Senator Cynthia Lummis and others are now attempting to narrow the scope of the law’s crypto broker clause with a separate bill.
President Joe Biden signed into law Monday the $1 trillion bipartisan infrastructure bill, which contains a controversial cryptocurrency tax reporting requirement.
- The crypto industry was concerned about a tax reporting requirement within the bill that sought to expand the definition of a broker for Internal Revenue Service purposes. The bill would require all brokers to report transactions under the current tax code.
- Industry proponents worried the definition would be too broad, capturing entities such as miners and other parties that don’t actually facilitate transactions.
- Sen. Cynthia Lummis (R-Wyo.) and others are attempting to narrow the scope of the law’s crypto broker clause with a separate bill introduced Monday.
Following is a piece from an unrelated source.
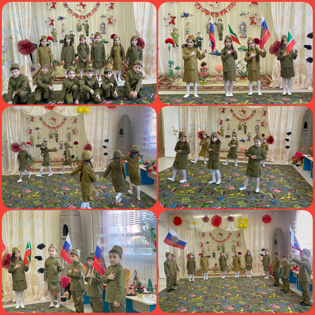 Накануне праздника дети были привлечены к активному участию в подготовке к празднику в убранстве группы, к изготовлению подарков папам, дедушкам, братьям. У детей развивался интерес к познавательным развлечениям, Воспитывалось желание быть похожими на воинов Российской Армии, стремление стать защитником Родины и принимать активное участие в праздничных выступлениях.

- Another provision opposed by the crypto industry essentially requires recipients of transactions over $1,000 to verify the sender’s personal information and record his or her Social Security number, the nature of the transaction and other information, and report the transaction to the government within 15 days.
- Some lawyers have pointed out that when applied to cryptocurrencies and other digital assets like non-fungible tokens (NFT), it would be nearly impossible to comply with the law.
Senator Cynthia Lummis (Republican-Wyoming.) on Monday mounted a last-ditch effort to narrow the bipartisan infrastructure bill’s crypto broker clause. The bill is expected to become law later today when signed by President Joe Biden.
Lummis, an ardent crypto advocate, introduced a bill to rewrite a controversial tax provision that critics have said would stifle the U.S. crypto industry. In its place, she proposed language that appeared similar to a compromise agreement considered earlier this year.
The proposed language would exempt blockchain validators, non-custodial hardware or software vendors and protocol developers from the definition of “broker” and its myriad tax implications.
As it currently stands, the bipartisan infrastructure bill defines “any person who is responsible for regularly providing any service effectuating transfers of digital assets on behalf of another person” as a broker.
“We need to be fostering innovation, not stifling it, if we are going to maintain America’s position as the global financial leader,” Lummis said in a statement. “I’m proud to introduce this bipartisan bill to ensure that our tax system reflects the realities of digital assets and distributed ledger technology.”